When Ryan defended Romney's tax plan, Biden came back incredulous when he cited the nation's 35th president, "Oh, now you're Jack Kennedy."

If one picture could sum up Biden's demeanor tonight, it might be this.

While Biden came to the debate with a caffeinated attitude that may have delighted his fans, Ryan displayed a more calm demeanor that may have gone over better with the home audience. That's not to say he didn't defend himself. Here's an example of Ryan's attack line on Libya:

"This Benghazi issue would be a tragedy in and of itself, but unfortunately it's indicative of a broader problem," he said. "And that is what we are watching on our TV screens is the unraveling of the Obama foreign policy, which is making … us less safe."

3. Each Candidate Scored at Least Once

Biden cut off Ryan's critique of the Obama stimulus by citing the fact that the Republican Congressman requested funds for his district. Ryan admitted it when pressed by moderator Martha Raddatz.

Ryan counterpunched Biden's 47 percent attacks and made light of the vice president's gaffe-prone nature all at once.
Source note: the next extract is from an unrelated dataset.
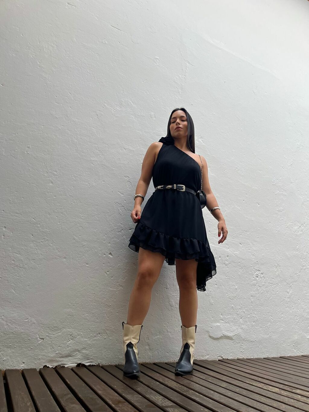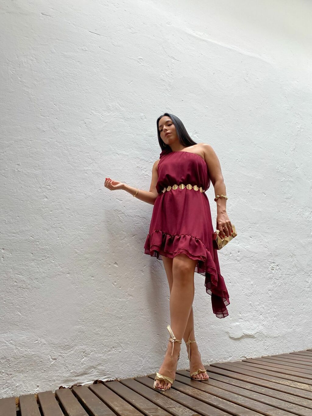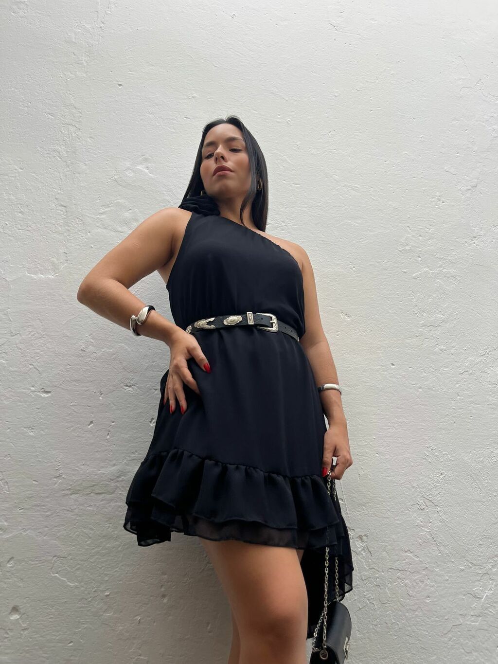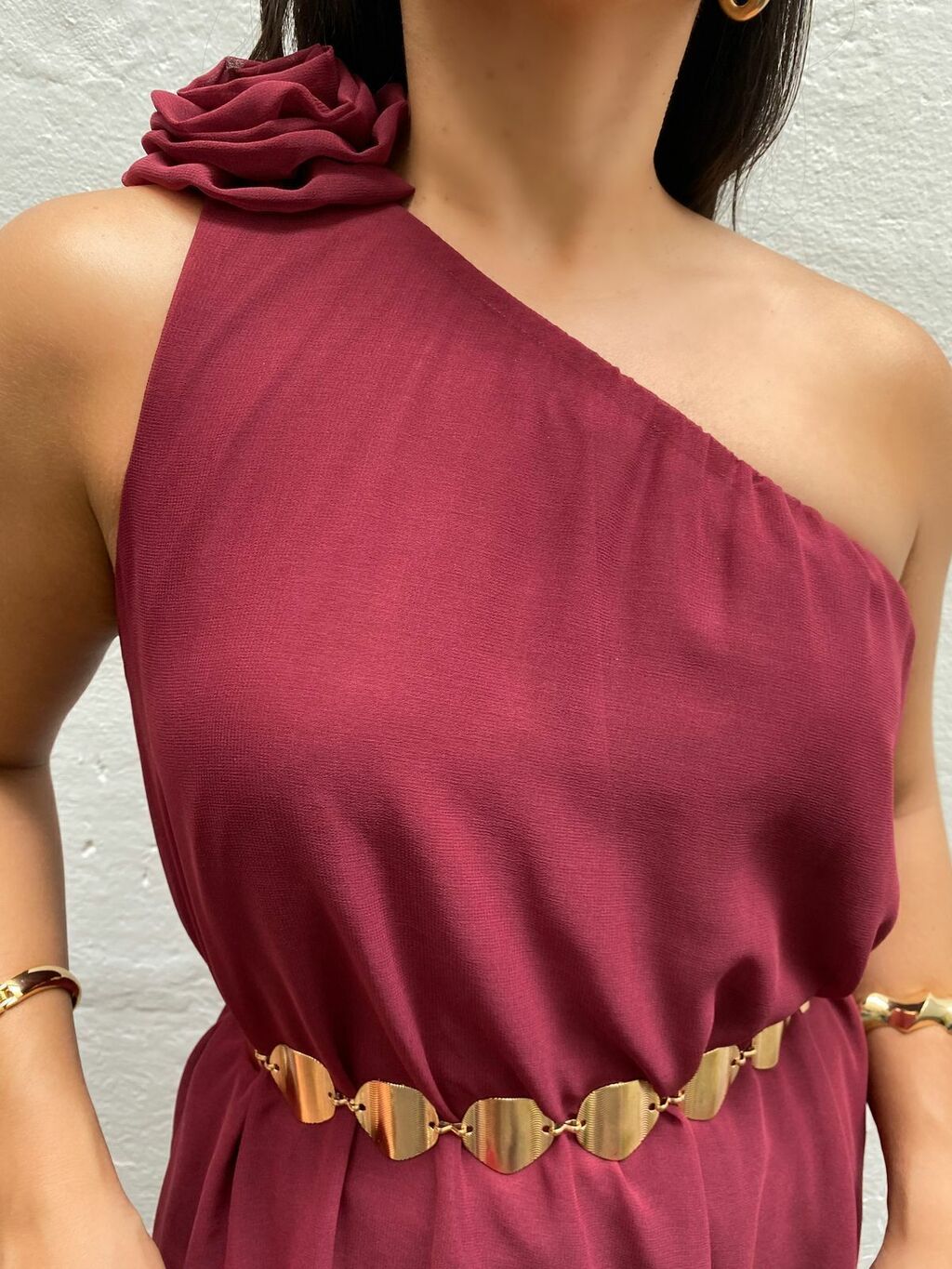 Vestido em chiffon. Possui decote de um ombro. Possui caimento solto ao corpo, com barra assimétrica. Possui detalhe de aplicação de flor na alça. Tecido fluido, com forro. Não marca e não fica transparente.

"He cares about 100 percent of Americans in this country," Ryan said of Biden. "And with respect to that quote, I think the vice president very well knows that sometimes the words don't come out of your mouth the right way."

4. Martha Raddatz Took Control

PBS's Jim Lehrer was panned for being too passive during the Denver debate, but ABC's Martha Raddatz was active in asking tough questions and holding both candidates accountable.

She posed solid follow-up questions, such as when she asked Biden what military reason the Obama administration had for pulling out surge troops from Afghanistan. Or when she pressed Ryan for details on what specific tax loopholes a Romney administration would eliminate.

Overall, both sides could make a compelling case for why their candidate was effective. History tells us that vice presidential debates rarely effect the outcome of an election. But Thursday's debate was the kind of affair that you should watch if you missed it tonight.